Trade Practices cases involve such areas as price fixing, price discrimination, restraint of trade (including certain types of exclusive dealing eg. third line forcing), abuse of market power, misleading & deceptive conduct and unconscionable conduct.

The Act provides certain product warranties for consumers, and extensive damages and other remedies can be awarded by the courts for breaches of the Trade Practices Legislation.

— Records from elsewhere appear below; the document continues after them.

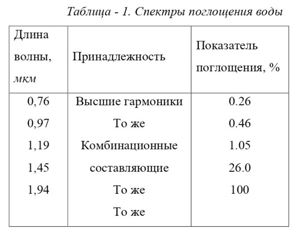 В таблице 1 приведены спектры поглощения воды и их принадлежность.
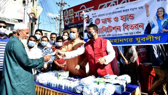 নগরে যুবলীগের মাস্ক ও হ্যান্ড স্যানিটাইজার বিতরণ
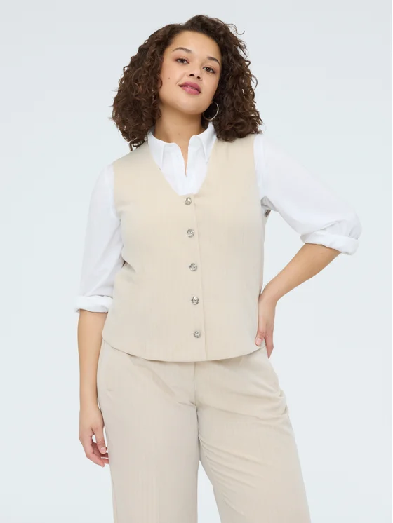 Scollatura a V monopetto con bottoni decorativi dorati; cinturino classico sul dietro per personalizzare il fit; tessuto effetto gessato; crea il total look con i pantaloni e il blazer coordinati!
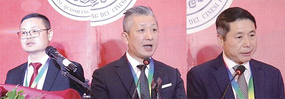 致辞环节结束后,主席台嘉宾共同为第五届会长团的会务工作剪彩,驻意使馆领导、侨团代表、意方友人等与会人员一同见证侨商总会第五届会务工作正式启航。
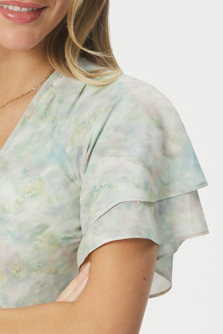 Chiffonkjole fra Neo Noir i lysegrøn med et blødt akvarelprint. Kjolen har korte, lagdelte ærmer og en V-udskæring.
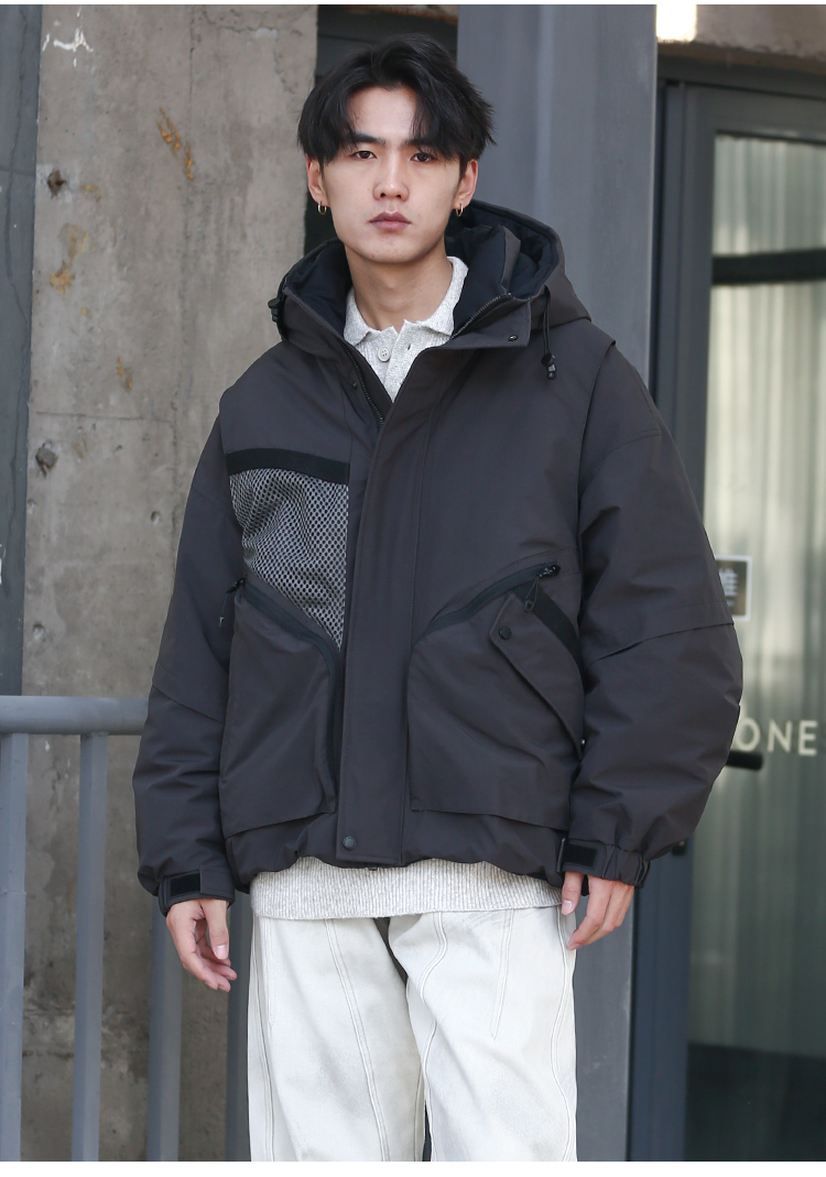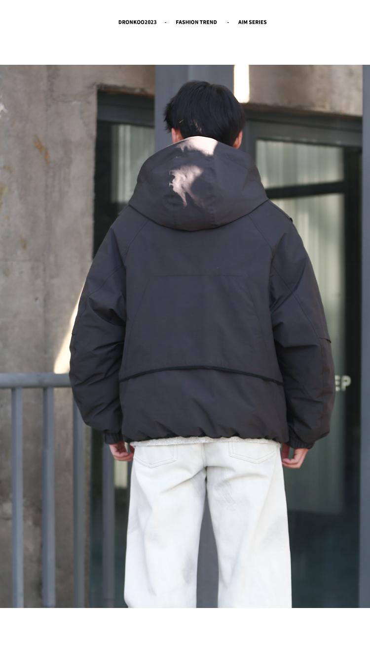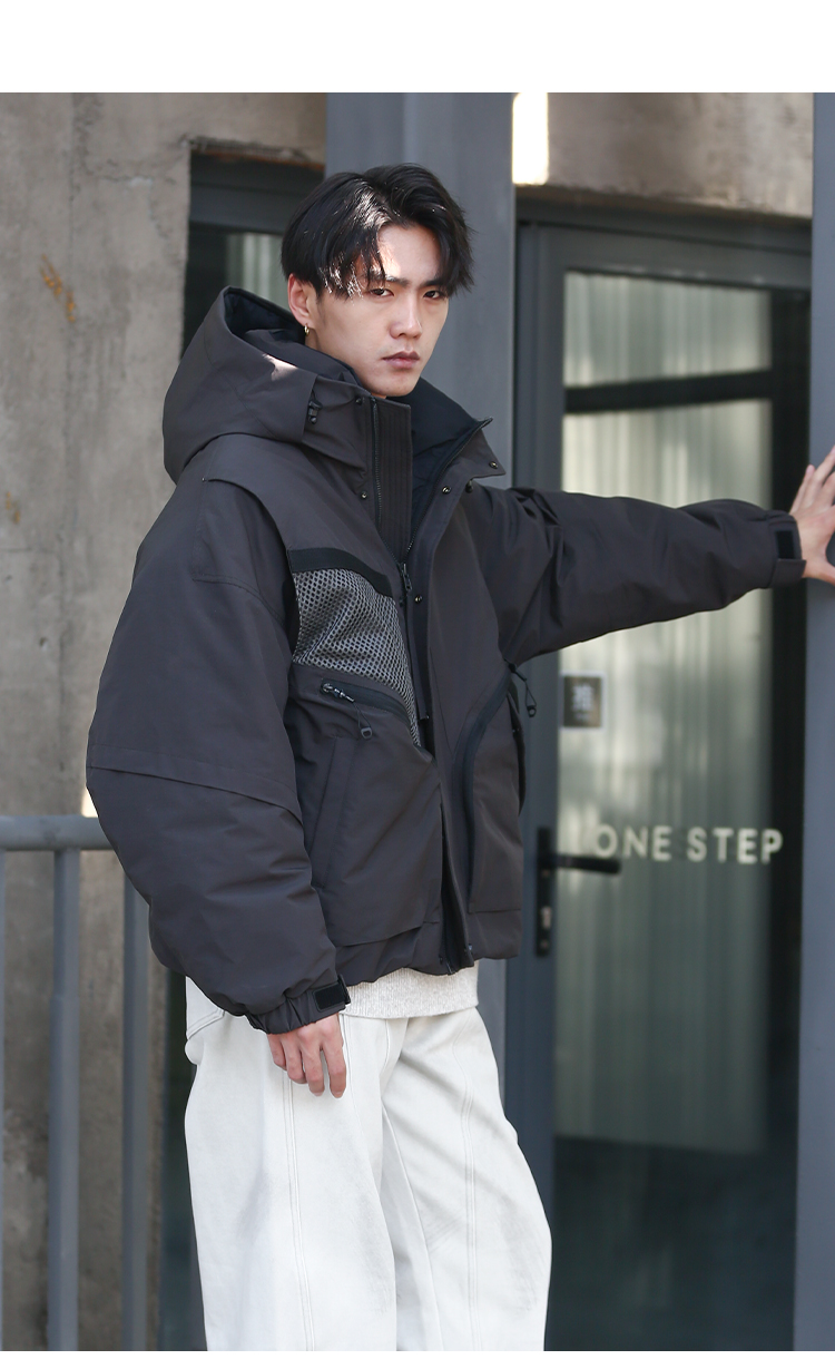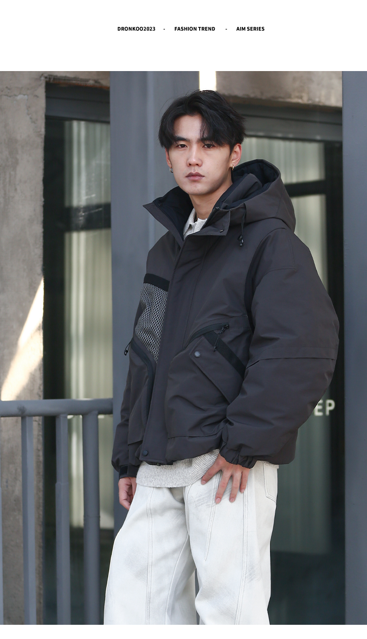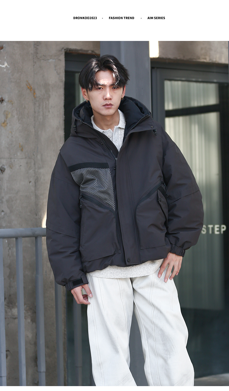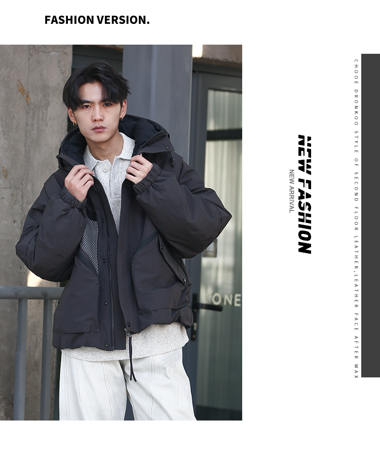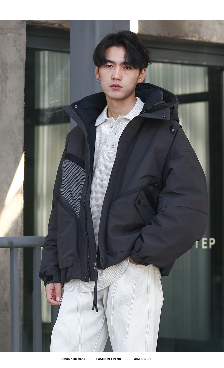 DRONKOO 2025 连帽右织带网布左袋盖织带洗水做旧工装风短款厚羽绒服
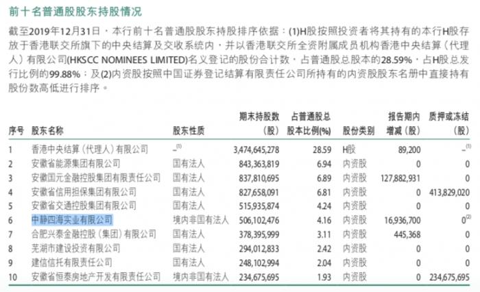 具体来说,徽商银行2019年年报显示,中静新华持有徽商银行内资股约2.25亿股,中静四海则持有徽商银行约5.06亿股。
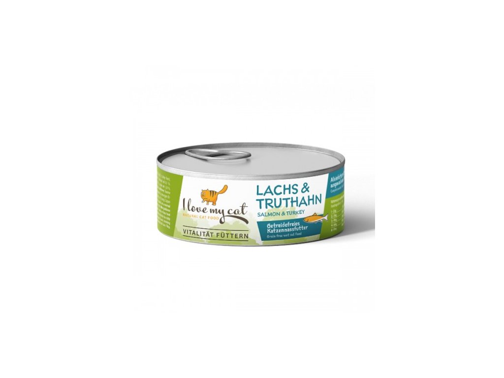 Masová konzerva pro kočky s lososem a krůtím masem. Zajišťuje zdravé trávení a lesklou srst. Žádná přidaná barviva, chutě ani konzervační látky.

A Case Study – Trade Practices

The case revolves around the business dealings of a small family business and a financial institution.  Paul and Tina Roma (not their real names) immigrated to Australia and over a period of 20 years were able to build up several retail businesses as well as purchase investment properties.  Funding to acquire the assets and run the business had been secured through the one bank.  It was a good relationship for both parties.  However, the problem started when Paul approached the bank to borrow $500,000 to purchase a shopping complex.  The bank agreed and
 contracts were signed.  Very shortly afterwards, Paul presented plans to renovate the property and increase the earning capacity.  Again the bank was prepared to fund the business, although no formal correspondence changed hands.  In the interim, the bank released the funds for the original purchase and continued to respond positively to regular reports on progress for the redevelopment project.  Considerable development costs were incurred and existing tenants paid to exit their leases to prepare for the renovations.  As part of the total refinancing of the project Paul provided mortgage security over the family home.
The Dispute
At the last minute and following council approval to proceed with the development, the bank advised that it was not prepared to provide the finance.  The property was now not earning any income and without the completion of the renovations was not able to fund the current level of debt.  On this basis the bank took steps to recover its outstanding loans through its mortgage security including the family home.
The Facts
Paul Roma had a long and successful relationship with the bank.  The bank did disburse the original loan funds to purchase the property.  The bank did not advise that there was a problem with the additional funding until late in the process.  Paul had spent considerable time and money on the proposed redevelopment.  The bank had justified the mortgage over the family home in the light of the total funding requirement.
The Process
Paul contacted the Australian Competition & Consumer Commission (ACCC) who advised him that he might be able to bring a case against the bank for ‘Misleading and Deceptive conduct’.  Paul contacted a solicitor who advised him that he would only recover a substantial financial loss by taking legal action for damages resulting from the actions of the bank.  The original case found in the bank’s favour and the matter proceeded to the Court of Appeal.  Eventually the Court ruled in favour of Paul Roma holding that damages were payable and that the mortgage over the family home was invalid.  Both parties decided to have the claim for damages mediated.  The mediator decided to work with both parties separately to estimate the damages which each believed was appropriate.  The judgment of the Court of Appeal had established a date from which damages would commence and the subsequent negotiation revolved around the elements which made up the total value of Paul Roma’s loss including how to assess the value of such elements as interest rates, rent lost and likely rent increases.  The mediator continued to question and test the methodology of each party to narrow the gap.  At this stage neither party was aware of the others proposed offer.  When the mediator was confident that they had made every effort to present a realistic proposal the parties were brought together to negotiate a settlement.

The Mediated Outcome

Final agreement took place over several mediated sessions to resolve, however, agreement on damages was achieved.

Lessons to be learnt
Companies must train their staff of their obligations under the Trade Practices Act, in particular with regard to the ‘Misleading & Deceptive’ and ‘Unconscionable conduct’ provisions of the Act.  Mediation is an early dispute resolution process and to achieve the best results, parties should be encouraged to consider mediation at the outset of their dispute.  Mediation is also a flexible process and can be used in conjunction with litigation or other forms of ADR.  Litigation is not only very time consuming but is also extremely expensive.  Before commencing to litigate parties should always consider the benefits a a mediated outcome.